Sedang ketidakberangkatan 'Umar, hal ini karena sewaktu Abu
Bakar memberangkatkan pasukan Usamah sebagaimana telah
diperintahkan Nabi, beliau meminta kepada Usamah agar 'Umar
diizinkan tetap tinggal bersamanya di Madinah, karena 'Umar
adalah seorang sahabat yang memiliki pemikiran cemerlang,
yang dapat bertindak sebagai penasehat Islam. Maka Usamah
memberi izin kepada 'Umar, dan dengan begitu 'Umar, tidak
dapat dipandang sebagai orang yang tidak berangkat.
Mengenai pernyataan al-Musawi bahwa mereka enggan
berangkat lantaran khawatir kehilangan kekuasaan (khilafah),
merupakan pernyataan yang dusta, ditinjau dari berbagai
segi.
Diantaranya, al-Musawi telah menyatakan sesuatu yang
ghaib. Sebab ia telah menilai niat orang, sedangkan niat
tempatnya di dalam hati, yang tidak dapat diketahui kecuali
jika diungkapkan. Bagaimana al-Musawi mengetahui niat para
sahabat itu sementara tidak seorang pun yang
mengungkapkannya, baik dari orang yang dituduhnya al-Musawi
maupun dari para imam yang dipandangnya ma'shum. Kalau
niat-niat semacam itu ada, tentu 'Ali dan Keluarga Nabi
lebih mampu mengungkapkannya daripada al-Musawi. Sebab
mereka hidup pada masa itu dan menyaksikan langsung
peristiwa itu. Jika kitab-kitab yang muktabar tidak ada yang
menerangkan penjelasan niat para sahabat oleh 'Ali dan
Keluarga Nabi, maka hal ini menunjukkan kedustaan
al-Musawi.
3. Mengenai adanya kecaman atas kepemimpinan
Usamah, al-Musawi mencoba, secara dusta, menisbatkannya
kepada Abu Bakar dan 'Umar padahal sesungguhnya kecaman
terhadap kepemimpinan Usamah itu datang dari sekelompok
orang, diantaranya 'Iyasy ibn Abi Rabi'ah al-Makhzumi. 'Umar
menolak kecaman itu; dari melaporkan kepada Nabi perihal
kecaman 'Iyasy itu. Lalu Rasulullah saw berpidato menolak
kecaman mereka, dengan menguatkan pendapat 'Umar atas
pendapat 'Iyasy (Fathul Bari, jilid 8, hal. 152).

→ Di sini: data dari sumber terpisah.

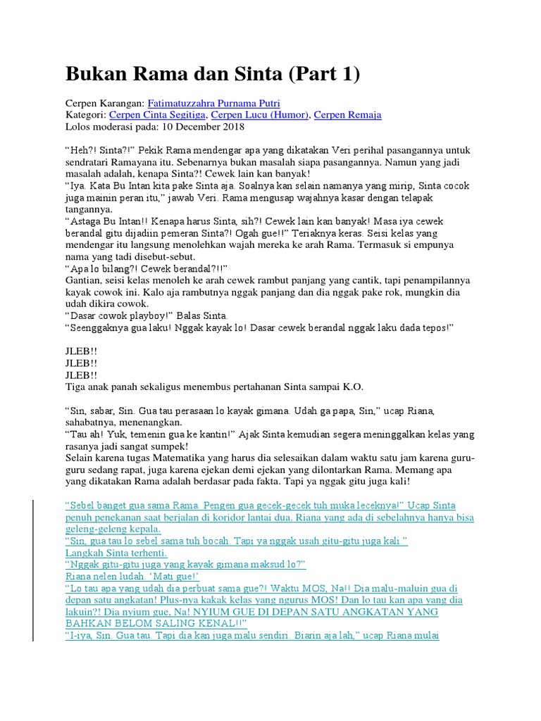 Bukan Rama dan Sinta (Part 1): Fatimatuzzahra Purnama Putri Cerpen Cinta Segitiga Cerpen Lucu (Humor) Cerpen Remaja
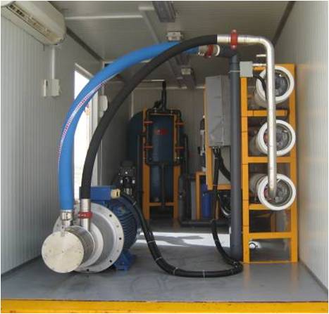 设备简介:6T/H 移动式海水淡化系统。 行业用途:海岛、舰船、海上工作平台,海水淡化生活饮用 产水水质:小于50μs/cm 设备流程:原水→多介质过滤器→活性炭过滤器→精密过滤器→中间水箱→反渗透设备→纯水储水箱→纯水泵→后置保安过滤器→用水点

4. Al-Musawi begitu yakin bahwa tujuan Nabi
mempersiapkan mereka dalam pasukan Usamah dan menyuruh
mereka segera berangkat adalah agar mereka keluar dari kota
Madinah, untuk menjamin kelancaran rencana beliau
melimpahkan kepemimpinan kepada 'Ali ibn Abi Thalib dengan
tenang dan tentram. Dalam hal ini, al-Musawi telah berbuat
dusta yang besar terhadap Allah, Rasul dan kaum Muslimin.
Semoga Allah melaknatnya!
Apa yang dikatakan al-Musawi itu nyata bathilnya bagi
setiap Muslim yang berakal. Ia adalah dusta yang tidak
memerlukan bantahan. Untuk menolaknya, cukup kami kemukakan
hal-hal berikut:
- Bagaimana al-Musawi mengetahui tujuan dan
maksud Nabi, sedangkan Nabi sendiri tidak menjelaskannya.

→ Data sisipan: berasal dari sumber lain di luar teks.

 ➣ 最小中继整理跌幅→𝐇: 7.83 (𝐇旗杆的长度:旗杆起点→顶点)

Bagaimana al-Musawi bisa mengetahuinya, dan 'Ali tidak?
!
- Kaum Rafidhah haruslah menunjukkan dalil atas
pernyataan itu, baik dari al-Qur'an, hadits, maupun
perkataan salah seorang sahabat yang dimuat dalam kitab
yang muktabar menurut para ahli
- Pernyataan seperti itu justru memberikan citra
negatif terhadap akhlak Nabi dan menuduh beliau sebagai
menipu dan berbuat makar terhadap sahabat-sahabatnya.
Juga berarti beliau bertindak pengecut dan lemah dalam
mengemukakan kebenaran, dan berlindung di balik cara-cara
yang tidak patut digunakan oleh seorang mu'min, apalagi
seorang Rasul
- Dakwaan al-Musawi ini berlawanan dengan hadits
mutawatir yang menerangkan bahwa Rasulullah saw telah
menahan Abu Bakar di Madinah agar menjadi imam shalat
bagi kaum Muslimin. Ini jelas berlawanan dengan apa yang
didakwakan al-Musawi sebagai diusahakan oleh Nabi, yaitu
mengeluarkan semua sahabat dari kota Madinah.
5. Mengenai perkataan al-Musawi, "Rasulullah saw
mengangkat Usamah sebagai pemimpin pasukan atas mereka,
padahal usianya baru 17 tahun, ialah untuk melunakkan
tingkah laku sebagian dari mereka, mengekang kendali mereka
yang ingin membangkang
" Siapa gerangan sebagian orang
yang hendak dilunakkan oleh Nabi dan dikekang kendali
mereka? Menurut al-Musawi, mereka terutama sekali adalah Abu
Bakar dan 'Umar. Jawaban untuk ini ialah apa yang sudah
dikemukakan sebelumnya, sebab dakwaan al-Musawi ini tidak
berbeda dengan dakwaan-dakwaan sebelumnya.